Character Set Negotiation -- Implementation Level and Collections

Issue raised by: Sabrina Huang ([email protected]) 16 Dec 1998 17:09:24 -0000

In the Character Set and Language Negotiation definition, what do "implementationLevel" and "collections" refer to?

  1. Implementation Level
    ISO 10646 defines three implementation levels: 1-3. They pertain primarily to the use of "combining characters": One or more combining characters may be combined with a base character to encode a particular element of text. Some text elements that can be encoded this way are also encoded as single characters. For example, the single character LATIN SMALL LETTER A WITH GRAVE can also be represented by a composite sequence: LATIN SMALL LETTER A followed by COMBINING GRAVE ACCENT. A complete list of combining characters is supplied in B.1 of ISO 10646-1.

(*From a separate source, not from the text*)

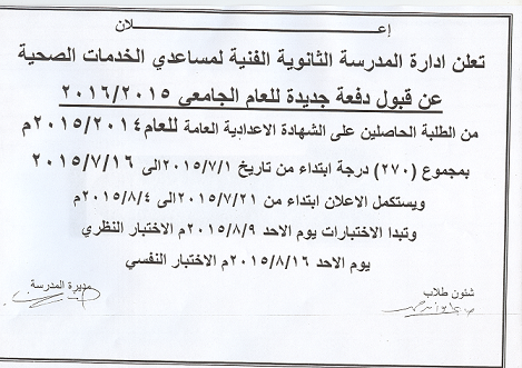 اعلان عن قبول دفعة جديدة من حملة الاعدادية الحديثة (إناث و ذكور) Read more about اعلان عن قبول دفعة جديدة من حملة الاعدادية الحديثة (إناث و ذكور) اعلان عن قبول دفعة جديدة من حملة الاعدادية الحديثة (إناث و ذكور) 22 يوليو 2015
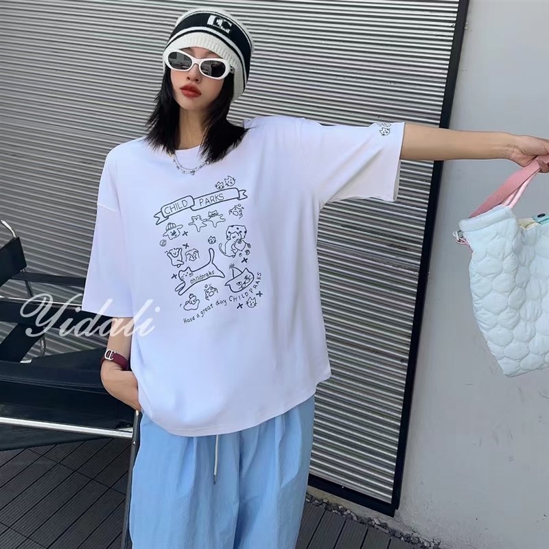 韩版卡通短袖T恤女2022年夏季新款时尚潮牌半截袖宽松上衣女ins潮

    • Level 3 permits all "combining characters". (Thus in level 3 a given character may have more than a single representation; as in the example above, there may be both the single-character representation of LATIN SMALL LETTER A WITH GRAVE as well as the composite character described.)
    • In Level 2, certain combining characters are not permitted; the list of those not permitted in level 2 is supplied in B.2 of ISO 10646-1.
    • In Level 1, combining characters are not permitted at all.
    • In addition, in levels 1 and 2, characters from HANGUL JAMO block are not permitted.

  2. Collections
    'collections' in the negotiation definition is an object identifier of the form
    1.0.10646.1.x.y.collection1.collection2. ......
    • x is the implementation level (as described above).
    • y is either 0 or 1. Generally, the value will be 1. (The usage of value 0 currently is not well-understood by the Z39.50 community and the value 1 should be used until such time as this clarification is updated. Annex M of ISO 10646:1 may be consulted for details.)
    • collection1, collection2, ... refer to the "collections" specified in Annex A of ISO 10646-1. For example, collection number 1 is "Basic Latin", positions 0020-007E, collection number 2 is "Latin-1 Supplement" 00A0-00FF.

Status: Approved (August 1999).
Library of Congress